Friday, September 5, 2008

Food, or rather drink, for thought


I'd say the staff in the Government Information Center represents a pretty fair sample of San Franciscans as a whole, and, as such, we have among our ranks several restaurant enthusiasts. That explains how an interesting intellectual property quandary came to my attention recently.

Here's the scene: there's a hot new restaurant in town, and much of the buzz surrounding the restaurant emanates from a renown bartender who has come up with some edgy cocktails to complement the restaurant's largely experimental menu. The fledgling restaurant seems to be getting a boost from people who want to taste this bartender's signature drinks.

Now, judging by the portrayal of the restaurant business based on what I've seen on TV dramas (admittedly not the most reliable source of information, but what am I, some kind of librarian?), the kitchen of a hot dining establishment is a pretty high-stress place. It wouldn't be surprising, then, to learn that said bartender has parted ways with the restaurant.

And now for the intellectual property question: can the restaurant keep serving the cocktails?

In this blog, I've already discussed at length the difficulties surrounding intellectual property and foodstuffs. The same would probably go for drinks. It's tricky to satisfy the non-obviousness requirement for a patent when the invention is a combination of known ingredients.

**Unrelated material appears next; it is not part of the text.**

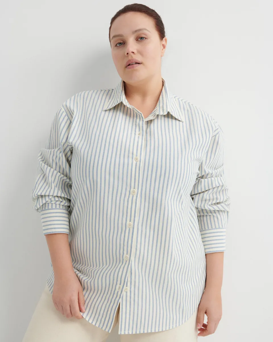 Effortless. Classic. Striped. The Maker Shirt is an easy-wearing style with classic shirting details including a traditional collar, button-up cuffs, and nut button fastenings through the front. A relaxed fit and dropped shoulder enhances the laid-back silhouette. Pairs perfectly with our Fold Skirt. An artful touch.

To qualify for a patent, the result would have to be surprising to a person with reasonable skill in that area. That would mean that the combination of ingredients would have to be be surprising to, say, a bartender. And by surprising, I don't think that "wow, this tastes like chocolate" or "I'm really surprised that this actually tastes good" would qualify. If you mix vodka, cranberry juice, amaretto and lime and it suddenly turns into breakfast cereal, maybe. But probably not.

How about copyright? The drink itself wouldn't qualify (it's not a literary, dramatic, or artistic work). The drink description, as written on the menu, is certainly under the purview of copyright. That wouldn't mean that the restaurant couldn't continue to make the drink, but, if the bartender owned the copyright to the description, they'd have to change it. But, since the bartender would have created the description in the course of her normal work duties, the employer (the restaurant) would have a pretty strong claim that it was a work made for hire, meaning the employer would own the copyright anyway.

There doesn't seem to be much recourse for a jilted bartender leaving a restaurant. The best way to retain control over a drink recipe would probably be to keep it to yourself. Hey, it's worked for Coca Cola for a long time.

I should note that all of this is speculation. Nobody around the office has actually heard of any bartenders or restaurant owners getting into a scuffle over improper use of a drink (which is different from people getting into scuffles over improper behavior after a few drinks).

There is, however, a lesson to be learned here. The next time someone offers you one of their "patented [insert drink name here]," you can say something like "You know, I find it highly unlikely that your cocktail, regardless of how unique and tasty it is, satisfies the non-obvious subject matter requirement adopted by the USPTO as set out in Title 35, Section 103 of US Code." You'll be the life of the party!